Дверь за спиной захлопнулась.
Я сделал над собой усилие и шагнул вперёд. Что-то будет. Точно будет. Спрашивается, куда ему деваться-то, этому чему-то...
— Садитесь, — проговорил майа. — И не бойтесь. Вам я вреда не причиню. Я позвал вас не для того, чтобы допрашивать. Вина хотите?
Я отрицательно мотнул головой — и случайно встретился с его глазами. Мне показалось, что я куда-то лечу... или тону... Было и страшно, и как будто тебя завораживает что-то, и не оторваться. Словом, пропасть и никогда не выбраться обратно...
Встряхнулся, сел — куда попало. При виде этого создания весь мой запал как-то сразу растворился. Обманешь его, как же...
— Знаю, что вам неприятно разговаривать со мною, — продолжил Гортхауэр, — особенно после того, что вы видели и пережили. И все-таки поговорить нужно. Хатальдир... Тебе будет трудно осознать это сразу, но ты должен понять. Ты — из наших людей. Ты рожден на Севере, и мы искали тебя. Это было одной из причин, по которой тебя не убили — тебя узнали. Вторая причина — ты слишком юн, а мы не воюем с детьми, даже если они ненавидят нас.
Я прерывисто вздохнул. Коварный план, чтоб ему...
— Я мало что помню. Отец... мне так мало от него досталось.
— Твой отец погиб вчера, — проговорил Гортхауэр, немного помолчав. — Неподалеку от Острова. Погиб от эльфийской стрелы, и Римион был свидетелем этого. Твой отец был Воином Слова, он никогда никого не убивал. Мне жаль, что так получилось. То ли злая ирония, то ли судьба — еще день, и вы встретились бы, но — не вышло.
На душе стало тоскливо и пусто. Этот эльф ещё спрашивал, важно ли это будет для меня, если окажется правдой... ещё бы не важно. Голос, который снился мне, который пел песни и рассказывал стихи... который я никогда не услышу. Никогда. Какое страшное слово — как обрыв в бездну.

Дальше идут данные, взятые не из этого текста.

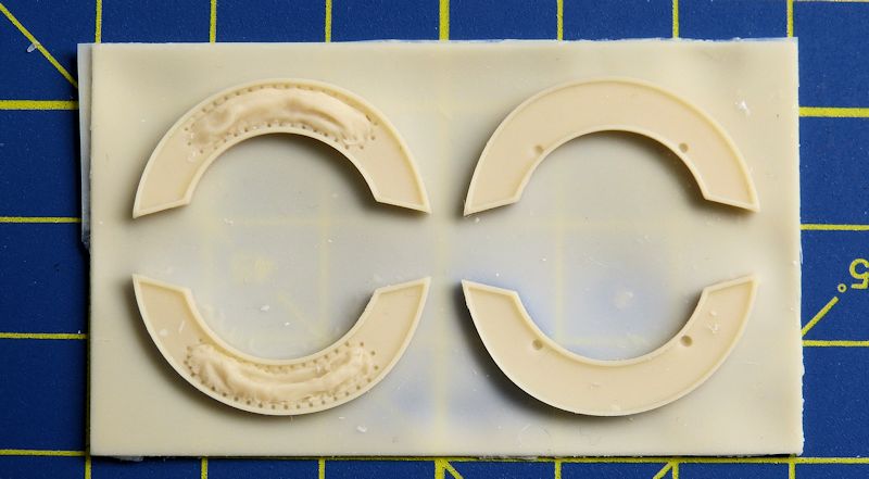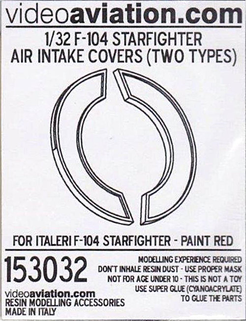 Für den Italeri Starfighter hat videoaviation ein nettes Gadget herausgebracht: Schutzkappen für die Lufteinläufe. Videoaviation liefert hier zwei Versionen in einer durchsichtigen Verpackung. Der Resinguss ist sauber gelungen. In einer Resinplatte angegossen müssen diese herausgearbeitet werden.
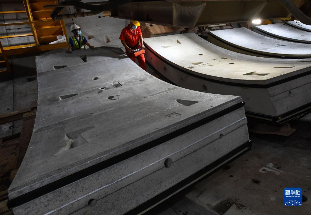 8月10日,施工人員在深江鐵路珠江口隧道操作運輸管片。 新華社記者 劉大偉 攝
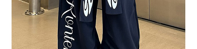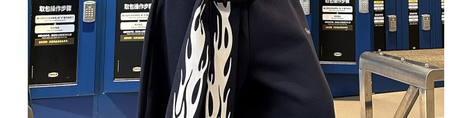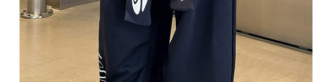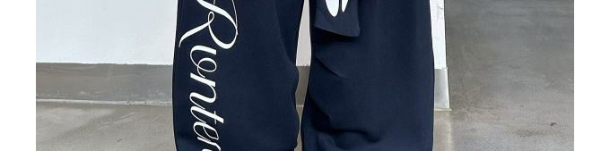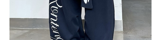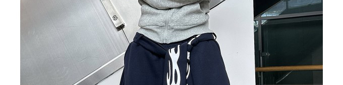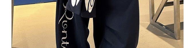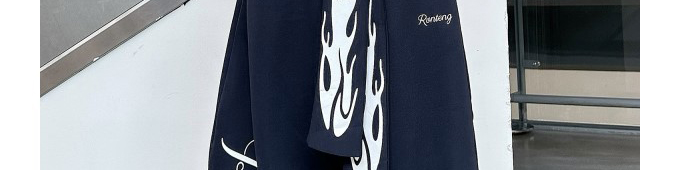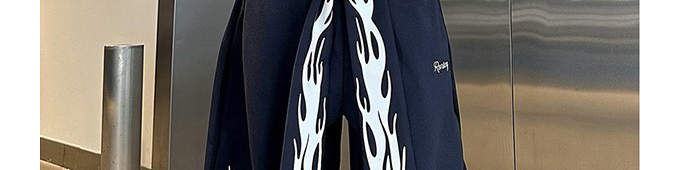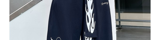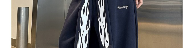 - Pants: Loose-fit straight-leg sweatpants with flame ribbon and letter print, soft autumn fabric, streetwear style.
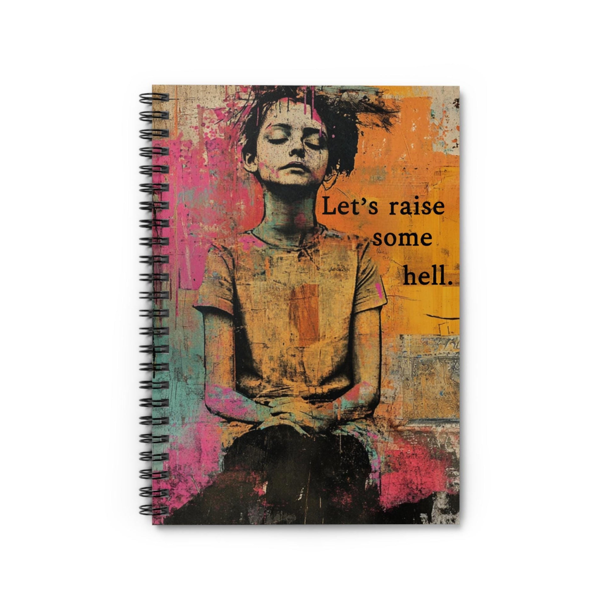 This Let's Raise Some Hell journal is the perfect journal for any feminist, LGBTQ+ rights activist, or Trump/fascism hater. Perfect for writers, students, or artists seeking a stylish companion for their thoughts, sketches, or notes. Its compact size makes it ideal for both home and on-the-go use, whether you're brainstorming ideas, journaling, or organizing your plans. Celebrate special occasions like birthdays, holidays, or any day you want to treat yourself or a loved one with a touch of playful elegance. This notebook is not just functional; it's a statement piece that adds personality to your stationery collection.
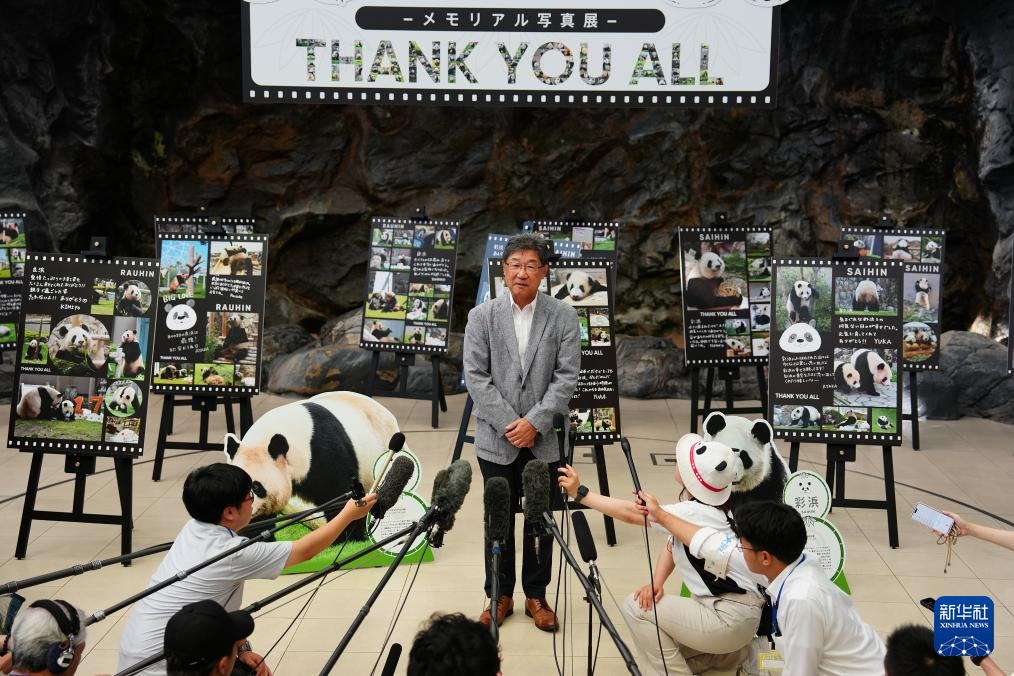 6月28日,在日本和歌山县,冒险世界游乐园园长今津孝二送别大熊猫前接受记者采访。新华社记者 贾浩成 摄

Где-то на дне сознания колотилась мысль, что это всё неправда, я попытался зацепиться за неё — и понял: бесполезно.
Я опустил голову... и вдруг взгляд упал на голубые бусы, валявшиеся в углу комнаты. Я чуть не подпрыгнул: Эйлинель! Откуда? здесь? Она была здесь?! Или всё-таки — не её... да нет, я в этом никогда не ошибался, у вещей есть ощущение хозяина... Я сжал бусы в кулаке. Что он с ней сделал?!

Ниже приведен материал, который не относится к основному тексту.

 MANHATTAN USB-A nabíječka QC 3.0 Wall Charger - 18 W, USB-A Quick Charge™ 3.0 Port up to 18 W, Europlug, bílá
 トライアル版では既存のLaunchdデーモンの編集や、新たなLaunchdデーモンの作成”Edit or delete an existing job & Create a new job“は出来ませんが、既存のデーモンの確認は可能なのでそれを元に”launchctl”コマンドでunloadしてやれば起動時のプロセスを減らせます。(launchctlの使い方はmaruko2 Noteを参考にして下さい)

— Здесь была Эйлинель, — прозвучало тихо и обвиняюще. — Ей было плохо.
— Эйлинель? — удивленно переспросил он и только теперь заметил эту нитку бус. Подошел, хотел было взять — я не позволил. — Да, все верно. Она была здесь, и ей было плохо. Сейчас она в Бретиле, со своими, я отправил ее туда. С ней все будет в порядке. Ты что, знал ее раньше?

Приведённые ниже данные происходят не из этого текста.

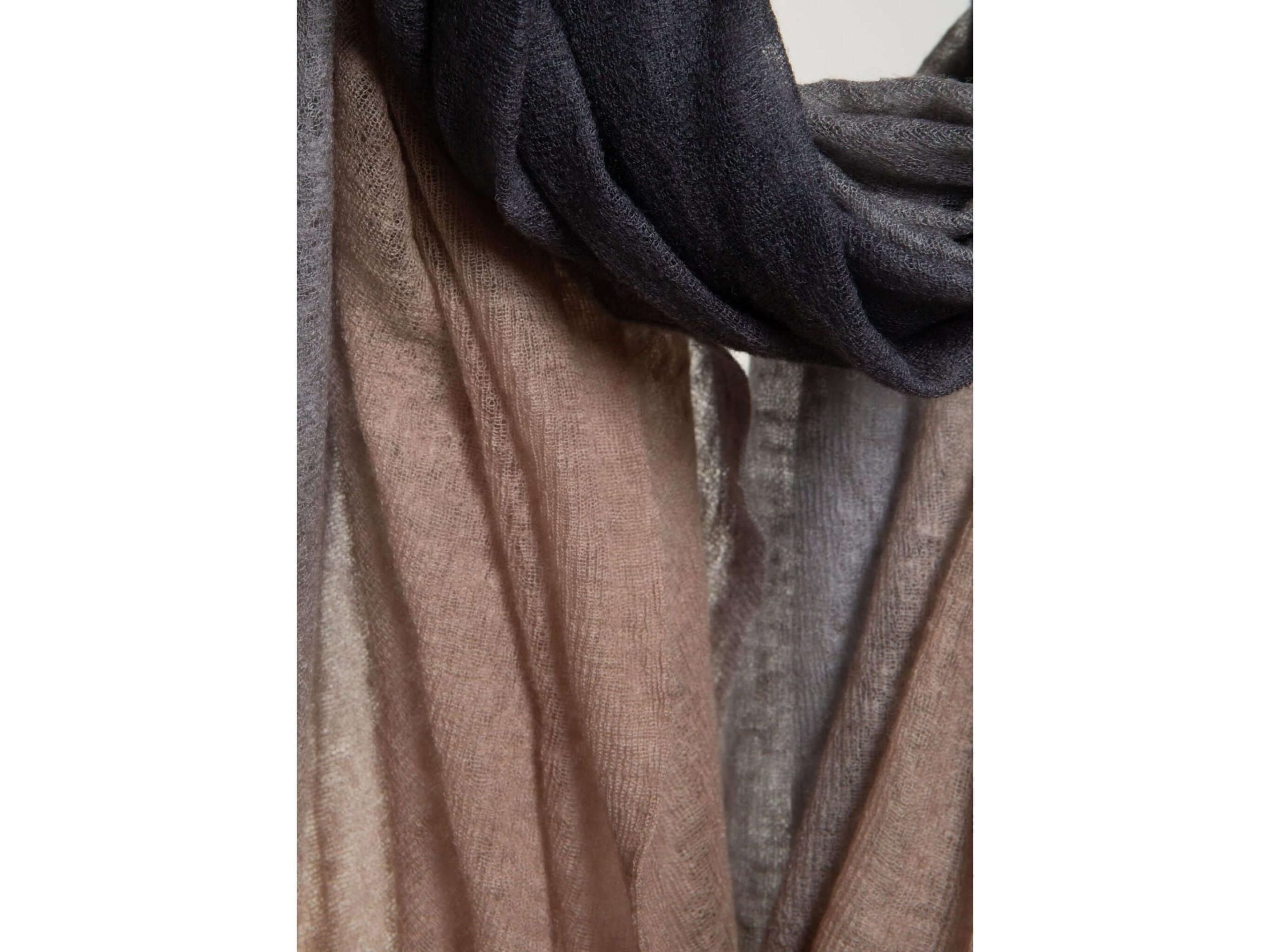 Découvrez l’élégance et la douceur réunies dans notre Écharpe Cloud Kinitter Shawl Dégradée. Tricotée à la main avec un fil en cachemire superfine, elle vous enveloppe d’une chaleur légère et confortable grâce à un traitement unique qui lui confère un subtil effet feutré. Ce modèle délicat et volumineux est parfait pour apporter une touche de raffinement et de bien-être à toutes vos tenues. Un incontournable pour profiter du confort exceptionnel du cachemire avec style.

— Ещё бы не знать, — яростно выдохнул я. — Она жена одного из наших! Как вы нас нашли?
— Горлим, — коротко ответил Гортхауэр. — Он рассказал мне все. Добровольно. Он был убежден, что Эйлинель у нас, и я не стал разуверять его в этом.
Сволочь, подумал я, но вслух не сказал. Моя идея казалась чем дальше, тем более невозможной. Притворяться своим — для этих — было выше моих сил.
— Римион, — обратился майа ко второму человеку, — ты ведь уже понял: твой спутник и был отцом Хатальдира. А теперь я прошу рассказать мне то, что он просил тебя передать.
— Тебе он ничего не велел передавать, — резко ответил Римион.
— Неужели? А эти слова ни о чем не говорят тебе?..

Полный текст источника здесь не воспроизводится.